Tuesday, February 20, 2024

Lent Day 10: Remembering the sacrifices of our forefathers and foremothers and the working class of the church


The Christian community should be seen as a giving community. It is not just the money or donation one gives but the effort one puts in to make the community one which forgives, understands, helps and loves. If it is true to say that time is money, someone who gives their time for the church is of immense value to the church. When we love and give, there will be a limit up to which others can take it. After that it will have to come back. It is not just to say that we have to do good if good has to come back to us but to say, if we water our plants they will grow and bloom but we don’t have to water them too much.
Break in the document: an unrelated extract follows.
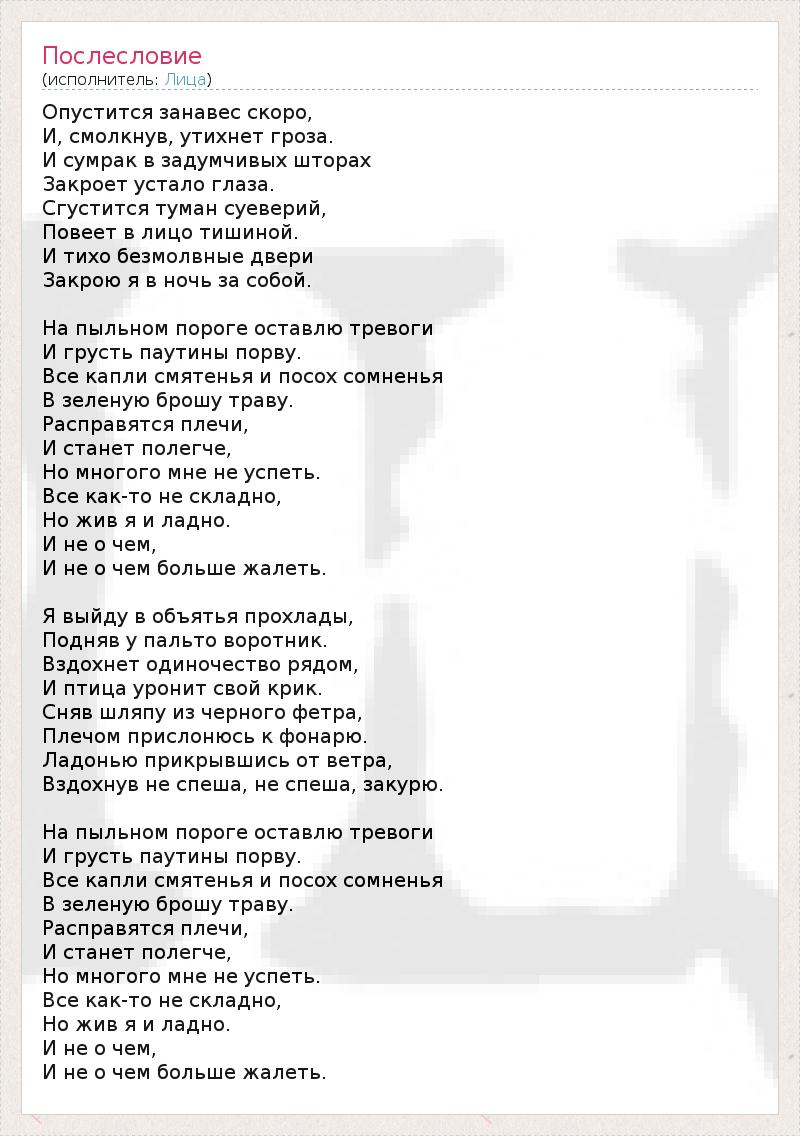 Это интересно:Если вы слушаете хип-хоп группу "Лица" ,просьба тегать так: "Группа Лица".Группа ЛИЦ@ родилась на осколках двух групп: Post Scriptum и Полная Неизвестность.На дворе стояла ранняя осень 2004…Саня «А.А.» Ададуров и Вовчик «Пропан» Добрицкий, а так же Андрей «Зай» Зайцев, решили вместе начать делать качественную, можно даже сказать, профессионально аранжированную, музыку.Пока... продолжение

The church and Christian community is now plagued with the problem of having people who will always make others think that they will give. The rich are cleverer in this than others. The leadership will be behind the rich with great expectations but the middle class and ordinary people will be the ones who actually help the community. While one group does things or promises to do things with the expectation of gaining positions, power and authority, the other group does things and helps out because it is the right thing to do. They are usually not found hobnobbing with the leadership and do not have dreams of being in power.

There are other ordinary people who help with their time and labour. People who help in cooking food, doing arrangements in church, helping to serve food, cleaning up after everything and not minding to get their clothes dirty in church. They try to work hard and give their time for the benefit and welfare of the community. There are also people who help with paper work, accounts, coordination and meetings. Others who pick and drop children to Sunday school and youth programmes and offer their vehicles, services and time for the church. They may not always be visible inside the church but will make sure that church programmes are successful.

St. Luke 6: 38 says, “give, and it will be given to you; in good measure, pressed down, shaken together, running over, will be put into your lap. For the measure you give will be the measure you get back.” Jesus here is very clear about the reward that is awaiting people who give their best for the benefit of the community. And yet good is not just done expecting good in return, but that is a natural consequence of good actions.

The problem today in all churches is that the ordinary people are ignored and posts and chairs are given to the rich and powerful. The poor man’s (sic) church has now become the rich man’s church. It is natural that the younger generations of several families have undergone an upward social mobility by way of better education and business acumen. But that does not mean that the nature of the church has to change to an exclusive club of people who want the ordinary people only to fill the church but not for decision making and any kind of recognition.

The churches have to take care of the proletariat, the working class, the one’s who work very hard to help their church and community. Without them the numbers of the church will come down drastically and will affect the very nature and survival of the church. In Kerala there is the interpretation of two political dispensations. One is a cadre party where workers do the work and the other is the party where everyone is a leader and there is no one to do the work finally. This lent, may we recognise the hard work of our forefathers and foremothers, who kept away rice, vegetables and fruits for the church and brought it so that it would be auctioned or exchanged to take care of the needs of the church. Shall we also remember the people who walked to church, built the church by offering their labour because they did not have the money to give. May we also remember the women and men who set aside coins like the poor widow and gave it to the church so that the church as we see it today would go on uninterrupted. Amen.